Is there any open source (freeware)or paid Remote control  software  Like Radmin. Need remote access to network computers and servers over a LAN Like Radmin. thank you


----------



## RCuber (Apr 20, 2015)

*www.realvnc.com/ *www.teamviewer.com/hi/index.aspx


----------



## ramakanta (Apr 23, 2015)

teamviwer require internet connection so it is not suitable . but RealVNC I am confuse , which one download. and how to used it and is RaelVNC free ???. thank you.


----------



## dashing.sujay (Apr 24, 2015)

You can try LogMeIn, but can't say if it will require internet for LAN access.

It's arguably one of the best remote control softwares out there.


----------



## ramakanta (Apr 25, 2015)

Is Remote Desktop Connection same as Radmin or Vnc .


----------



## whitestar_999 (Apr 26, 2015)

basically yes but with less features & ease of use.e.g.configuring it over internet is complicated compared to simple install & run procedure of logmein,radmin etc.


----------



## ramakanta (Apr 27, 2015)

whitestar_999 said:


> basically yes but with less features & ease of use.e.g.configuring it over internet is complicated compared to simple install & run procedure of logmein,radmin etc.

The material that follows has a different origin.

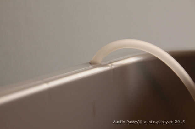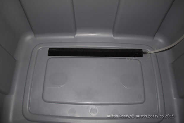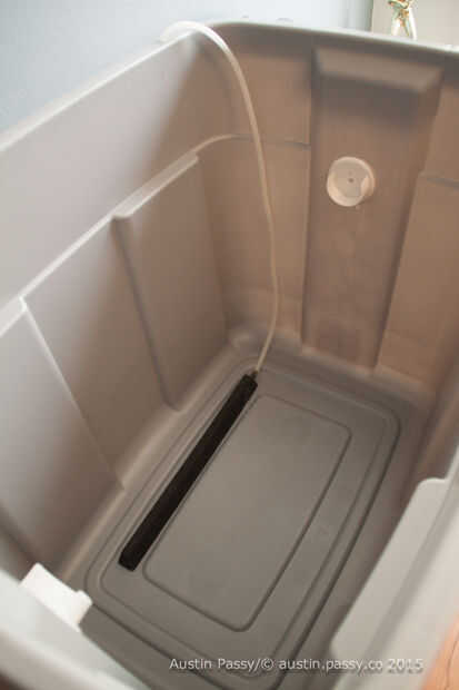 Coloque el aire-roca en la parte inferior. Decidí pegar abajo y funcionar los tubos por el lado. También perforé un agujero pequeño para recorrer los tubos en la parte superior para permitir que la parte superior del bin asentar firmemente contra la bandeja cuando cierra. Tenga en cuenta también el desmontaje de tiempo opcional en la parte superior.

just I want to see  over a LAN . just want to see another desktop over LAN( without internet ). is possible ?? if yes , then how to configure????


----------



## whitestar_999 (Apr 27, 2015)

right click my computer icon & select properties--remote settings.enable allow connections running any version of remote desktop.search remote desktop in start menu/accessories & open it.enter the ip of that pc in lan & username password of an account in that pc.


----------